Question 1 (1 point)

You own a small storefront retail business and are interested in determining the average amount of money a typical customer spends per visit to your store. You take a random sample over the course of a month for 8 customers and find that the average dollar amount spent per transaction per customer is $106.745 with a standard deviation of $13.7164. Create a 95% confidence interval for the true average spent for all customers per transaction.

Question 1 options:

1)

( 95.278 , 118.212 )

2)

( 101.896 , 111.594 )

3)

( -95.278 , 118.212 )

4)

( 104.38 , 109.11 )

5)

( 95.562 , 117.928 )

Question 2 (1 point)

Suppose you work for Fender Guitar Company and you are responsible for testing the integrity of a new formulation of guitar strings. To perform your analysis, you randomly select 59 'high E' strings and put them into a machine that simulates string plucking thousands of times per minute. You record the number of plucks each string takes before failure and compile a dataset. You find that the average number of plucks is 6,810.9 with a standard deviation of 152.04. A 90% confidence interval for the average number of plucks to failure is (6,777.8, 6,844). From the option listed below, what is the appropriate interpretation of this interval?

Question 2 options:

1)

We are 90% confident that the average number of plucks to failure for all 'high E' strings is between 6,777.8 and 6,844.

2)

We are certain that 90% of the average number of plucks to failure for all 'high E' strings will be between 6,777.8 and 6,844.

3)

We cannot determine the proper interpretation of this interval.

4)

We are 90% confident that the average number of plucks to failure for all 'high E' strings tested is between 6,777.8 and 6,844.

5)

We are 90% confident that the proportion of all 'high E' guitar strings fail with a rate between 6,777.8 and 6,844.

Question 3 (1 point)

A pharmaceutical company is testing a new drug to increase memorization ability. It takes a sample of individuals and splits them randomly into two groups. One group is administered the drug, and the other is given a placebo. After the drug regimen is completed, all members of the study are given a test for memorization ability with higher scores representing a better ability to memorize. You are presented a 90% confidence interval for the difference in population mean scores (with drug - without drug) of (-8.63, 6.33). What can you conclude from this interval?

Question 3 options:

1)

We are 90% confident that the average memorization ability of those not on the drug is higher than those who are on the drug.

2)

We do not have enough information to make a conclusion.

3)

There is no significant difference between the average memorization abilities for those on the drug compared to those not on the drug.

4)

We are 90% confident that the difference between the two sample means falls within the interval.

5)

We are 90% confident that the average memorization ability of those on the drug is higher than those who are not on the drug.

Question 4 (1 point)

A restaurant wants to test a new in-store marketing scheme in a small number of stores before rolling it out nationwide.
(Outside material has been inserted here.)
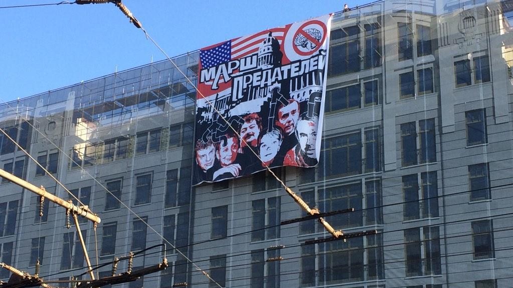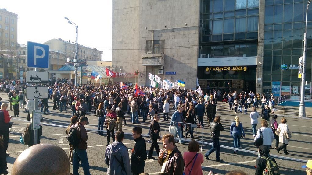 Как сообщают российские СМИ, одновременно с "Маршем мира" на Пушкинской площади решили провести свое шествие сторонники "Новороссии " и "ДНР". Случилась потасовка. !zn

The new ad promotes a premium drink that they want to increase the sales of. 18 locations are chosen at random and the number of drinks sold are recorded for 2 months before the new ad campaign and 2 months after. The average difference in nationwide sales quantity before the ad campaign to after (after - before) is 3.7 with a standard deviation of 9.01. Using this information, they calculate a 90% confidence paired-t interval of (0.01, 7.39). Which of the following is the best interpretation?

Question 4 options:

1)

We are 90% confident that the difference between the average sales after the ad campaign and the average sales before the ad campaign is between 0.01 and 7.39.

2)

We are certain the average difference in sales quantity between after the ad campaign to before for all stores is between 0.01 and 7.39.

3)

The proportion of all stores that had a difference in sales between after the ad campaign to before is 90%.

4)

We are 90% confident that the average difference in the sales quantity after to before of the stores sampled is between 0.01 and 7.39.

5)

We are 90% confident that the average difference in sales quantity between after the ad campaign to before for all restaurants is between 0.01 and 7.39.

Homework Answers

Answer #1

1)

sample mean 'x̄= 106.745
sample size   n= 8.00
sample std deviation s= 13.716
std error 'sx=s/√n= 4.8495
for 95% CI; and 7 df, value of t= 2.365
margin of error E=t*std error    = 11.469
lower bound=sample mean-E = 95.28
Upper bound=sample mean+E = 118.21
from above 95% confidence interval for population mean =(95.28,118.21)

option 1 is correct

2)

We are 90% confident that the average number of plucks to failure for all 'high E' strings is between 6,777.8 and 6,844.

3)

There is no significant difference between the average memorization abilities for those on the drug compared to those not on the drug.

4)

We are 90% confident that the average difference in sales quantity between after the ad campaign to before for all restaurants is between 0.01 and 7.39.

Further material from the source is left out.